🤖 AI Summary
This work addresses the challenge of multi-objective evaluation in the CTF4Science Lorenz challenge—encompassing short-term prediction, long-term distribution matching, and full-trajectory reconstruction—by proposing a metric-aware hybrid forecasting architecture. The approach employs task-specific models tailored to each objective, revealing that a single unified model struggles to simultaneously satisfy all criteria. The methodology integrates synthetic data pretraining for denoising, fitting of the Lorenz ordinary differential equations, and trajectory shooting, augmented by a novel histogram tail replacement technique based on a synthetic Lorenz ensemble. The resulting system achieves a score of 83.83551 on the public leaderboard, which further improves to 83.85529 with minor refinements, demonstrating that precise alignment between tasks and dedicated models is crucial for maximizing overall performance.
📝 Abstract
We describe our approach to the CTF4Science Lorenz challenge, a benchmark that mixes short-horizon forecasting, long-time distribution matching, and trajectory reconstruction across nine task pairs.

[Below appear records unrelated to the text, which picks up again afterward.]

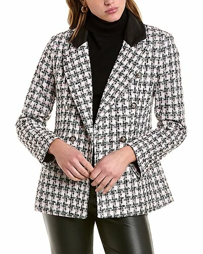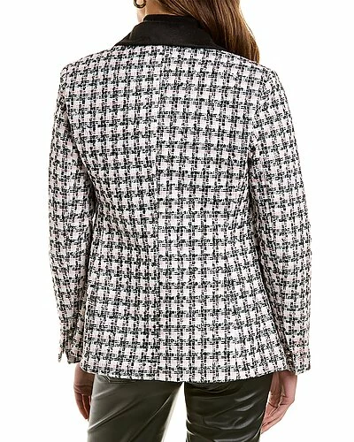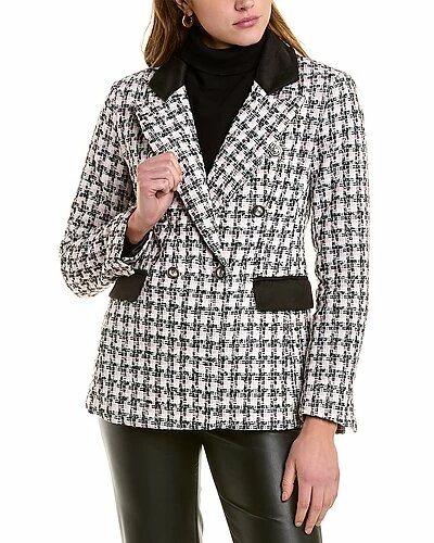 - Design details: two-pocket styling, notch lapel, button cuffs
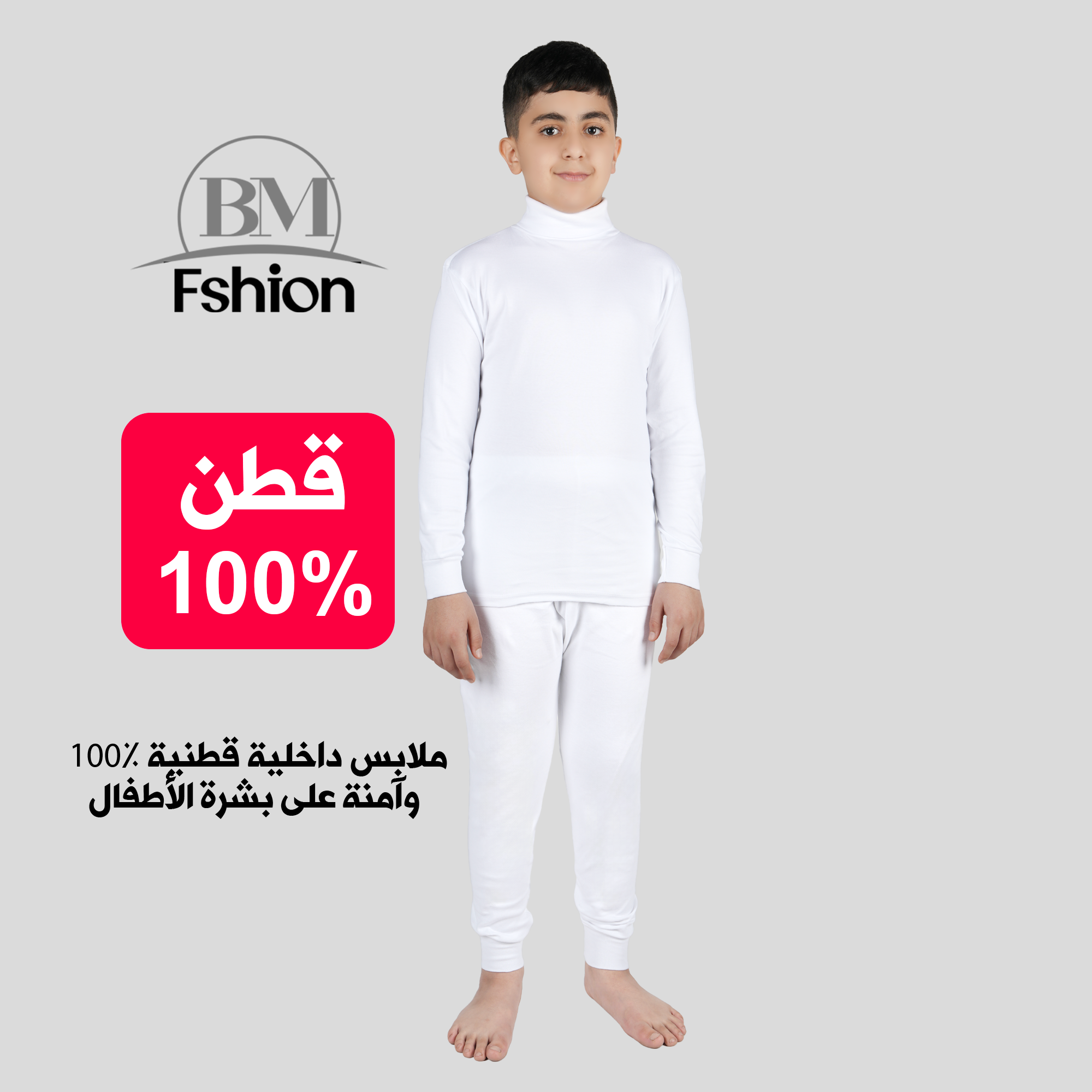 طقم داخلي ولادي كم طويل رقبة طويلة سادة مصنوع من القطن و بلون أبيض.
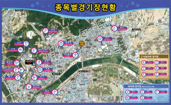 | | | ↑↑ 종목별 경기장 현황. | | ⓒ 영천시민뉴스 | | 손동렬 과장은 “영천에서 3번째 개최되는 이번 도민체전은 영천체육의 인프라를 확실하게 구축하고 지역경제 활성화에 초점을 맞춰 내실있는 대회가 되도록 준비하고 있다.”며 “먼저 체육인프라를 위해 대회준비과정에서 각종 체육시설을 갖춰 도민체전 이후에도 다양한 대회유치와 생활체육에 활용할 수 있도록 준비하고 있다.”고 설명했다.
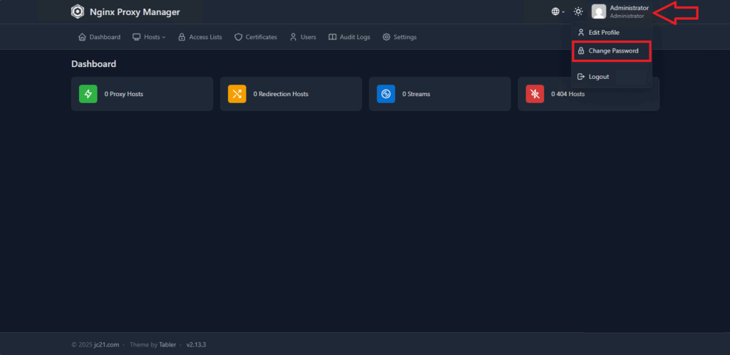 Cliccare sull’utente in alto a destra quindi selezionare Change Password

The key discovery is that no single model family dominated all metrics. Instead, we built a metric-aware hybrid system that assigned a different predictor to each metric family: (1) synthetic-pretrained denoisers for full-trajectory reconstruction, (2) Lorenz ODE fitting and trajectory shooting for the first 20 forecast steps, and (3) histogram-tail substitution using synthetic Lorenz libraries for long-time evaluation. A representative mature submission from this system family scored 83.83551 on the public leaderboard, and a small follow-up stack of the same ideas reached 83.85529. We focus on the cleaner intermediate system because it captures the full method while remaining simple enough to reproduce and analyze, while the final submission can be understood as a conservative extension of the same backbone.